As an old hand with both cars and bikes, there is no short answer to this but a slow process of elemination in fuel and electrical systems. This does sound like fuel and the whole system should be checked from the tank forward.

An electrical test meter would be handy (if you don't have one).They are relatively inexpensive these days but allow a check of the whole system. What sort of fuel lift pump is on thecar and have you checked it's efficiency under load? My advice on replacement ignition is DON'T until you KNOW the current system is not working properly - and why. Just as bad a being short of fuel is being over-rich (poor running when hot!) and this again points to the injection system and metering.
Not easy I'm afaid. Hope this is of some help
Regards
Brian Wylie

Paul (Guest)
Apr 8th, 2001, 20:02
I had a similar problem with my 1800ES which turned out to be the electric fuel pump (next to the fuel tank) not delivering sufficient pressure. I obtained a genuine Bosch replacement from Brookhouse Volvo Spares in Ipswich for £75 plus vat (normally around £175!)which cured the problem. If the rubber mountings have perished when you remove your old pump, a pair of BMC Mini exhaust mounting bobbins are a good replacement at £1.50 each. If you mount your new pump with just bolts,as I did at first, the noise will get on your nerves!
Brookhouse details are shown on a link from the main VOC website, and they offer a mail order service.
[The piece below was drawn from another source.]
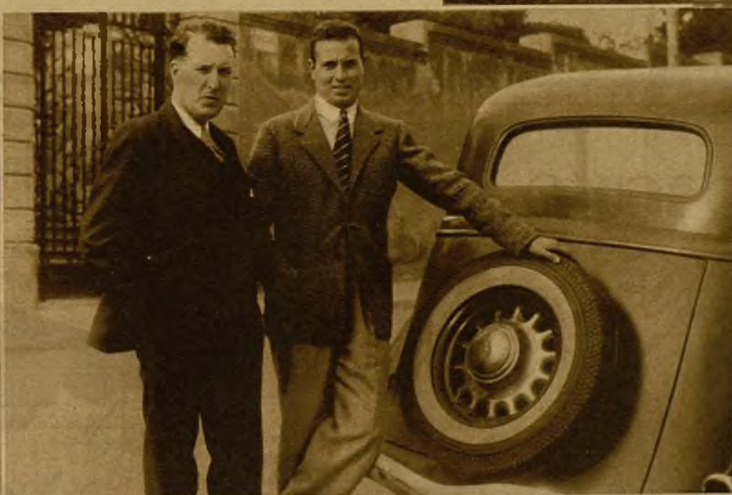
Los hermanos Galindo con su nuevo neumático "Ultrafreno" para automóviles, que en las pruebas oficiales hizo demostraciones perfectas de seguridad sobre el asfalto mojado

Hope that this is some use to you.

neilpeter
Jul 30th, 2007, 15:22
Hello, I have had exactly the same sort of problem - see post 'The Throttle of Death', and have now isolated the problem. I have renewed the entire ignition system, and checked the throttle switch, cold start injector, replaced the coolant temperature sensor and all to no avail.

My car had stood for many years, only being run very occasionally (7 miles between successive MoTs!), and although a new fuel pump was fitted as part of the purchase deal, a new filter had not been fitted. I removed the filter when the trouble started after about 100 miles, and it had become totally blocked with what seemed like mud - very fine rust from the inside of the tank, which congeals to form a sludge which blocks the pump and the filter.

I flushed the pump (more mud) and replaced the filter, and everything was running fine for about a mile, then it started hesitating again. Obviously the pump is picking up more sludge from the tank, and my guess is that there is a layer of it in the bottom of the tank.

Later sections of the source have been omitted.